Obrigado mais um vez por as vossas palavras.

Um abraço Rogério. :SbMain:

----------


## João Castelo

> Tenho outra vez as algas castanhas ,como no principio


Rogerio,

Como é que te viste livre das algas castanhas ?

JC :SbQuestion2:

----------


## Rogerio Miguel Gomes

Oi João.

1º vez
Eu tive algas castanhas ,porque tenho uma mão pesada na hora de dar comida e por ter pouco movimento e muitos pontos mortos.

2º vez
Desta vez foi a mesma coisa ,dei comida a mais devido aos meus premmas estarem a fazer criação e uma tunze ter avariado.
Isto de dar comida a mais resulta em fosfatos e aliado a pouco movimento dá um manto de algas castanhas na areia e RV.

*Como conseguir alguns resultados.*
-Tentar colocar a RV de maneira a haver correntes ,para evitar pontos mortos.
-Limpar bem o aquario de sedimentos.
-Fazer trocas de agua de 10% todas as semanas.
-Colocar mais movimento para tentar levar os sedimentos para o escumador.
-Ter muita calma e esperar ,a natureza faz o resto.

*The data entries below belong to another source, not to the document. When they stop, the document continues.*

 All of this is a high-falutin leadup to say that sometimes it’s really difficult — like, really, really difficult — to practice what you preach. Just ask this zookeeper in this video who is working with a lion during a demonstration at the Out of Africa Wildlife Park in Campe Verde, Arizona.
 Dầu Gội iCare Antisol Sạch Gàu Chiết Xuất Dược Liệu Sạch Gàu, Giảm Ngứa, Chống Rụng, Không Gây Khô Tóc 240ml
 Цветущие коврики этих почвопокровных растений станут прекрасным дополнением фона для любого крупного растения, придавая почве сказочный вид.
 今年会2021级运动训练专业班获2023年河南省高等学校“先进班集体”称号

Eu aprendi isto tudo com os meus erros e lendo um pouco também.

Boa sorte para ti.
Um abraço Rogério. :SbMain:

----------


## Rui Russo

Olá, Rogério

além de seres um bom amigo, sempre pronto a ajudar todos os que precisam sem segundas intenções, ainda consegues ter uma habilidade incrivel com os DIY e ter um aquário excelente.

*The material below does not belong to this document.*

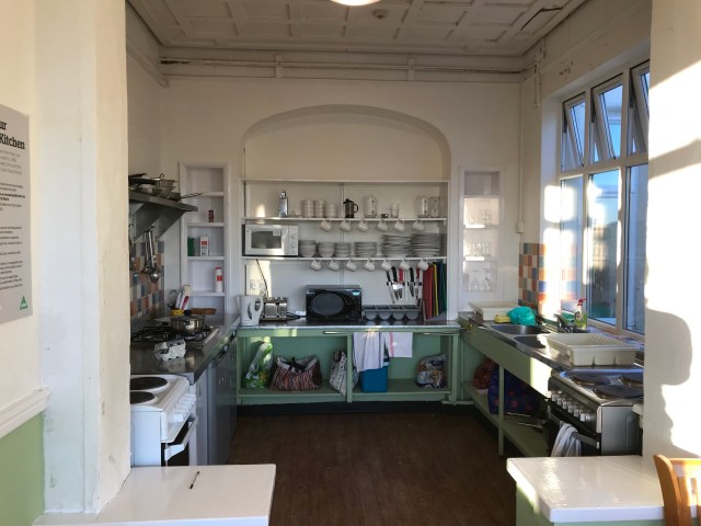I had been lying on my bunk, casually reading, when she came in and immediately leapt up onto the wide windowsills and tried to open all the windows to their full extent “I get so hot you see! My head just boils! It’s a medical condition I have!” (Menopause, I assume) “And these places! You can never open the windows properly because of OH&S! It’s SO HOT,” I gazed bemusedly at this as the weather was about 14 degrees and I commented that, being Australian, I perhaps didn’t feel the ‘heat’ in the same way. Cue ten minutes of her opinions about Australia and Australians (mostly positive) and relating her trips to Australia etc etc. then she started asking me about the light fittings. “When you turn the lights off at night, are these lights green?”

Por tudo isto os meus parabéns, tu está lá  :SbOk3:  .

Um abraço,

Rui Russo

----------


## Rogerio Miguel Gomes

Oi Rui.

Estás a exagerar nas tuas palavras quando falas de mim ,eu sou simplesmento uma pessoa que ama este hobby.
Quando eu era novo não havia Foruns para ajudar o pessoal em nada ,e eu adoptei uma tactica de não ser fiel só a uma loja ,assim ouvia varias versões como resolver os problemas que me deparava e escolhia a que me parecia a mais acertada ,ainda hoje tenho esse vicio.
E por isso gosto de ajudar quem me solicita ,porque também gosto que me expliquem alguma coisa que não sei ,ainda tenho muito que aprender neste hobby e na vida.
Em relação ao meu aquario não esta nada parecido como essas fotos ,tenho outra vez algas castanhas como alguns membros amigos que estiveram cá em minha casa ,que podem testemunhar.
Como tu sabes estou a fazer mudanças drásticas no meu sistema para tentar ganhar mais esta batalha contra elas ,era o que deveria ter feito no principio da montagem ,mas cada vez que ia á Reefdiscus comprar matérial para o aquario ,não resistia a tentação de comprar corais e não chegava a comprar o matérial que necessitava ,todos passam pelo mesmo penso eu.
A cerca dos meus DIYs ,faço porque acho muito caro ,não passam de uns tubos de PVC colados.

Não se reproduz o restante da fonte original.